Problem details:
Leave out the pictures and repeat exactly the lines from the one containing "Figur 1 Merknadskart for arealplan-ID 5410000" through the end of the records.

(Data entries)
════

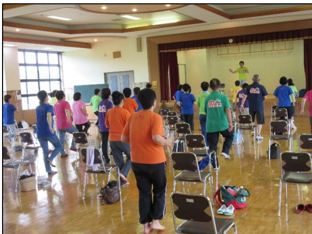
H30.7.10 お試し筋力づくり教室 @一之沢林業集会センター
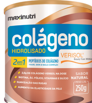
Cód.10316 - Verisol 2X1 Natural 250g
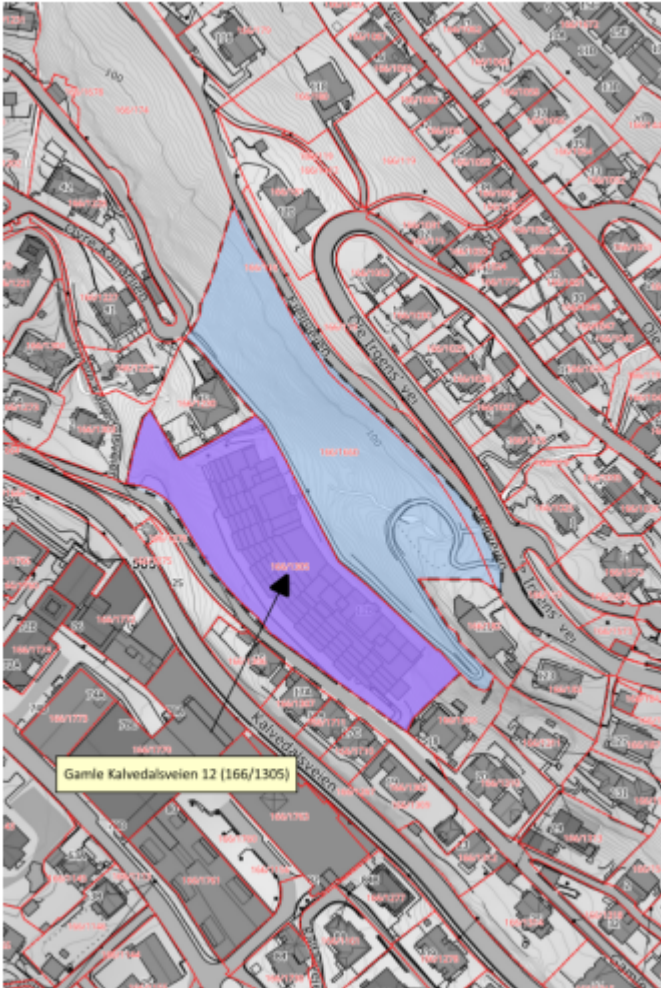
Figur 1 Merknadskart for arealplan-ID 5410000

Arealplan-ID 5410000. BERGENHUS. GAMLE KALVEDALSVEIEN 12.
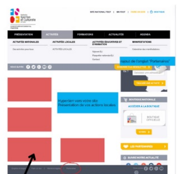
Mockup site internet
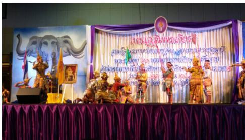
ภาพที่ 2 ภาพการแสดงโขนเปิดงานนิทรรศการเฉลิมพระเกียรติ สมเด็จพระเทพรัตนราชสุดาฯ ณ ศูนย์การค้าอิมพีเรียลเวิลด์ สำโรง ถนนสุขุมวิท จังหวัดสมุทรปราการ

กล่าวคือ นักเรียนโขนได้นำองค์ความรู้โดย การซึมซับจากนิสัยของตัวละครที่มีชีวิต ผลของการกระทำมุ่งเน้นในเรื่องทำดีได้ดีทำชั่วได้ชั่ว พัฒนาคุณลักษณะอันพึงประสงค์ของแต่ละบุคคลให้ดีขึ้น และทักษะในด้านต่าง ๆ ทางนาฏศิลป์ไทยไปแสดงเผยแพร่ในสถานที่สำคัญ ต่าง ๆ ของจังหวัดสมุทรปราการเพื่อให้เกิดความรู้ ความเข้าใจ ความจริงใจ และเกิดความรู้สึกที่มีการได้รับรู้ รับชมเรื่องราว การแสดงนาฏศิลป์ไทย

════

Exercise answer:
Figur 1 Merknadskart for arealplan-ID 5410000

Arealplan-ID 5410000. BERGENHUS. GAMLE KALVEDALSVEIEN 12.
Mockup site internet
ภาพที่ 2 ภาพการแสดงโขนเปิดงานนิทรรศการเฉลิมพระเกียรติ สมเด็จพระเทพรัตนราชสุดาฯ ณ ศูนย์การค้าอิมพีเรียลเวิลด์ สำโรง ถนนสุขุมวิท จังหวัดสมุทรปราการ

กล่าวคือ นักเรียนโขนได้นำองค์ความรู้โดย การซึมซับจากนิสัยของตัวละครที่มีชีวิต ผลของการกระทำมุ่งเน้นในเรื่องทำดีได้ดีทำชั่วได้ชั่ว พัฒนาคุณลักษณะอันพึงประสงค์ของแต่ละบุคคลให้ดีขึ้น และทักษะในด้านต่าง ๆ ทางนาฏศิลป์ไทยไปแสดงเผยแพร่ในสถานที่สำคัญ ต่าง ๆ ของจังหวัดสมุทรปราการเพื่อให้เกิดความรู้ ความเข้าใจ ความจริงใจ และเกิดความรู้สึกที่มีการได้รับรู้ รับชมเรื่องราว การแสดงนาฏศิลป์ไทย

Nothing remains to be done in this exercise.